When your phone buzzes or a notification pops up your screen, do you stop what you’re doing to look and respond? Do you have multiple devices constantly competing for your attention at all times? Do you find it hard to sit still for a bit without checking your phone or social media feeds? Have you been looking for ideas to unplug, without having to depend on sheer willpower followed by pure defeat?
If so, you can take the pledge to participate in this year’s National Day of Unplugging, a 24 hour global respite from technology. After taking the pledge, you can finally put all your electronic devices in a 16-digits-password-protected safe and throw it across the Atlantic ocean to finally have an uninterrupted board game night with your loved ones.
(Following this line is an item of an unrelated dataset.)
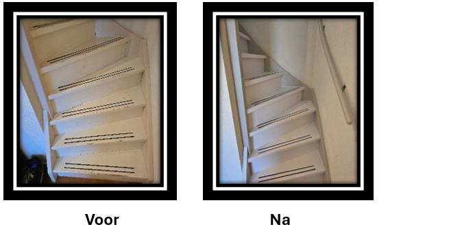Een mooie klus: van een trap met gaten en butsen weer een mooie en frisse opgang gemaakt.
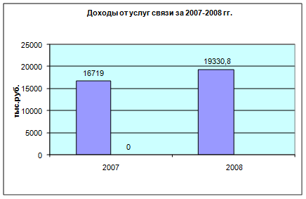 Данные по доходам сведены в таблицу 1.6 и представлены на диаграмме 2 . Анализ доходов от предоставления услуг связи показывает, что за рассматриваемый период с 2007 – 2008 гг. доходы от предоставления услуг связи по Богородскому почтамту увеличились на 15,6%

My introduction to the NoSurf community, ironically, happened as I was mindlessly browsing through Reddit, my favorite guilty pleasure, and stumbled upon the NoSurf subreddit, a community for people who want to become more productive by wasting less time mindlessly surfing the internet.
The NoSurf movement does not advocate for quitting the internet altogether. Instead, they advocate for cutting out negative internet use and mindless browsing.
After all, the internet and our digital devices are very valuable tools when used with purpose. I am forever in awe of the amount of information and knowledge available to me online, regarding any topic that might pique my interest, at a click of a button and within literal seconds.
That is indeed powerful.
However, our smartphones, social media accounts, streaming sites, and inboxes are intentionally designed to hijack our brain’s natural reward system, and our brain sees the internet as an easy pathway to trigger happy feelings.This hijacking is costing us our motivation and creativity, as we spend more and more time mindlessly browsing in a zombie-like state.
When your reward system is tuned to expect easy rewards from vicarious onscreen pleasures, why pursue difficult, messy real-world achievements?
If we used our phones more like a hammer, would our life be a lot better? At least, according to the musical genius himself,
Look at your phone as a tool, not an obligation. Would you walk around with a hammer in your pocket?You would pick up a hammer when you needed it. You would never be addicted or obligated to it.Use your phone like a hammer only pick it up when you need it. — Kanye West
It is a bit of very good advice.
I still use the iPhone 5SE I purchased almost three years ago that has been begging to be put out of its misery for quite some time now. I chuckle a bit inside whenever I drop it and everyone around me gasps in terror. It is so old that I couldn’t care less. It is almost ridiculous how often I drop it from various heights and angels, and it, somehow, has refused to break and end its own misery.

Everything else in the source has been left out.